This guide explains getting setup on the High Performance Computing (HPC) systems we use. A few notes about terminology used in this guide:
The ‘local system’ refers to the internal CFD servers, for which oddjob is the firewall.
The ‘HPC’ refers to the high performance computing system being used. This can change over time, but is currently Niagara on SciNet.
>> is the command prompt.
Replace any instances of <username> or similar in the instructions below with your Niagara username.
Follow the below steps to get a Compute Canada account:
Go to the Compute Canada Database (CCDB) at https://ccdb.computecanada.ca
Click on `Register'; agree to the Acceptable Usage Policy; then fill out and submit a Compute Canada account application. Indicate on the application form in that you are a `Sponsored User'. Enter the PI’s Compute Canada Role Identifier (CCRI); Prof. Zingg's CCRI is syu-780-01.
The PI will receive a request to approve the account application.
After a few days, the you will receive a Compute Canada account confirmation email. Follow the link it provides to confirm your application.
The main HPC cluster in use currently is Niagara at SciNet. This is a large cluster for parallel computations on which our group has a resource allocation. Information, including useful setup guides can be found at their wiki, and there is a good introductory presentation here.
The system is divided into three partitions, /home, /scratch, and /project.

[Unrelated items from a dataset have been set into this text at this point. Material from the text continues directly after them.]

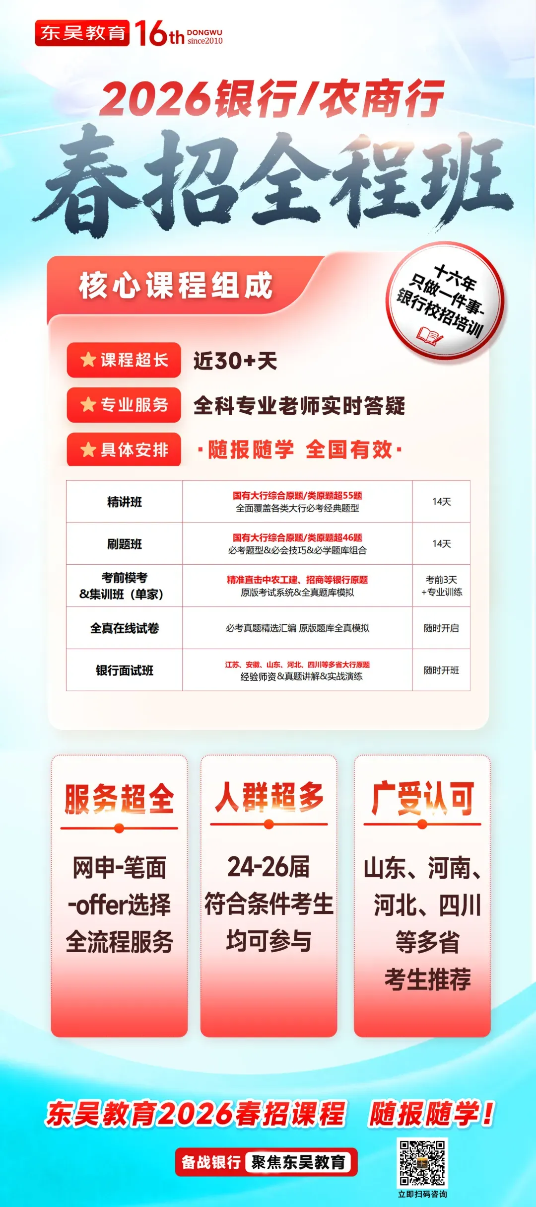 为帮助同学们系统性备考,抓住春招宝贵机会,东吴2026银行/农商行春招全程班,涵盖从网申指导到面试训练的全流程,旨在帮助同学们科学规划、稳步推进。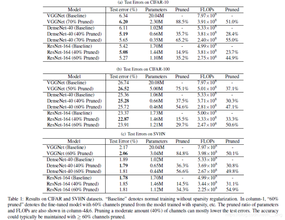 convnets"中对不同的层使用不同的阈值做剪枝,我们这里对所有的层设置了一个全局阈值,这是为了简单化。然后剪枝阈值是由所有比例因子中的百分比决定,例如修剪40%或60%的通道。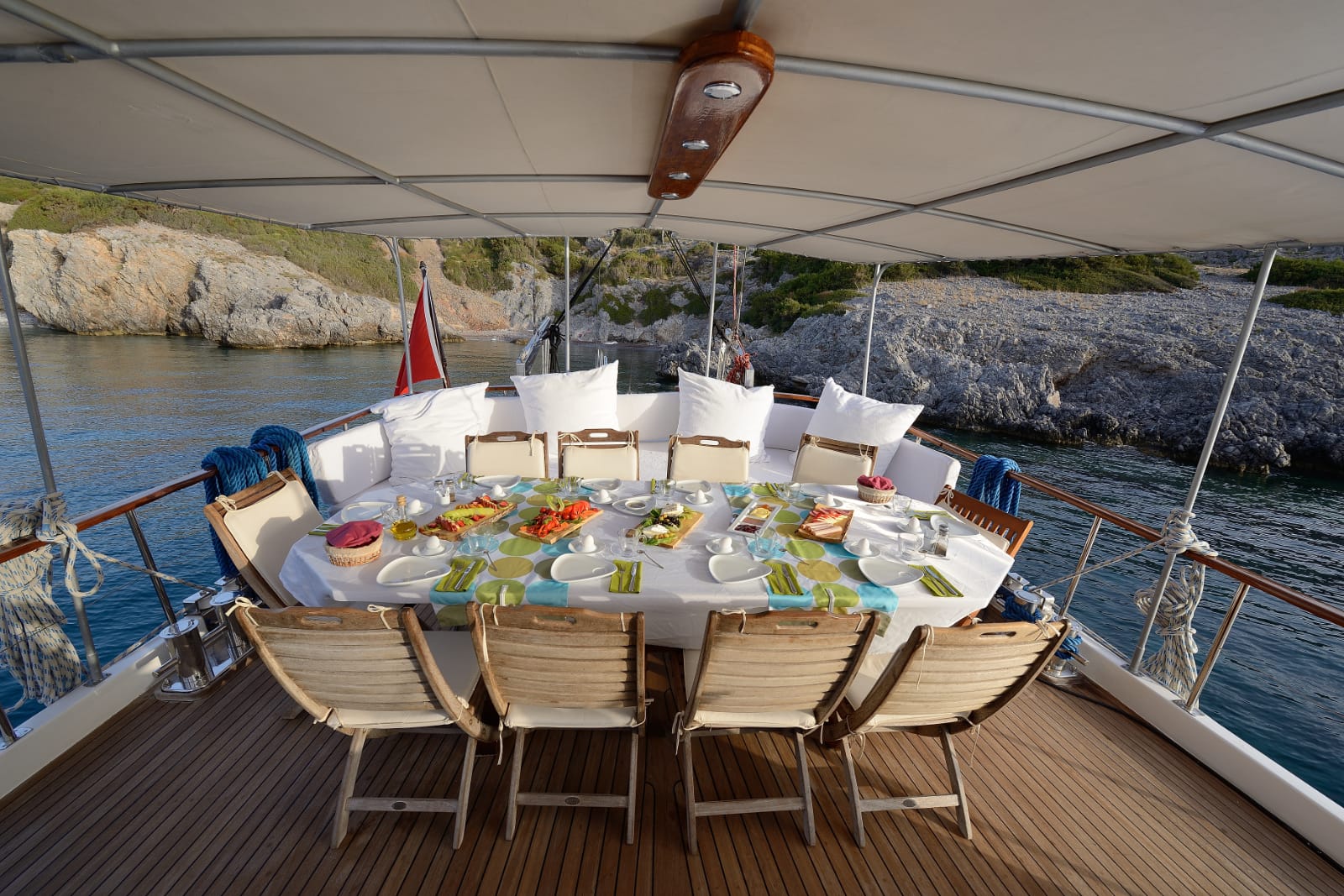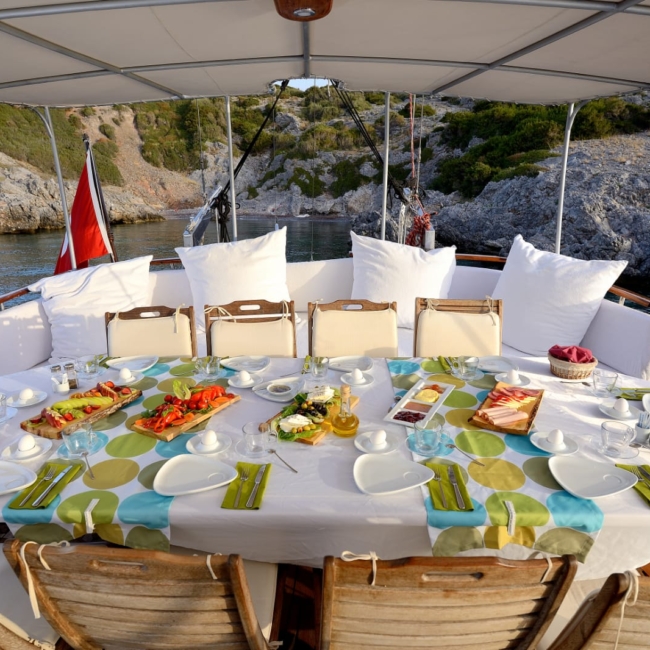 Türk bayrağıyla mavi tur hizmeti veren teknemizde 4 mürettebat bulunmaktadır.

/home: Your home partition where you will keep your code, and other small, long-term files. Storage is relatively limited, but is backed-up. Located at /home/z/zingg/<username>
/scratch: This is where you will run your jobs, and is the only partition to which the compute nodes can write. It is quite large, but files older than 60 days are deleted on the 15th of each month. So once runs are completed and if they have results you want to keep, they should be moved to /project. Located at /scratch/z/zingg/<username>
/project: This is for long term storage. It is relatively large, although space should be considered, as we tend to fill it up. Store final results here. It is backed-up. Located at /project/z/zingg/<username>
IMPORTANT: As noted above, files older than 60 days are purged from /scratch. So, make sure to move any case results you want to keep to /project! You should be regularly moving final results to /project, and if you have a shorter project (e.g. summer student, MEng) make sure to move any of your final results at the end of your project before you leave. Group space on /project is limited, so only keep case results that are final - e.g. not any temporary 'test' cases that didn't work out. At the start of each month, when you log on to Niagara, it will provide you with the path to a file with a list of files scheduled for deletion. This is a good time to move any of these directories to /project if they need to be kept.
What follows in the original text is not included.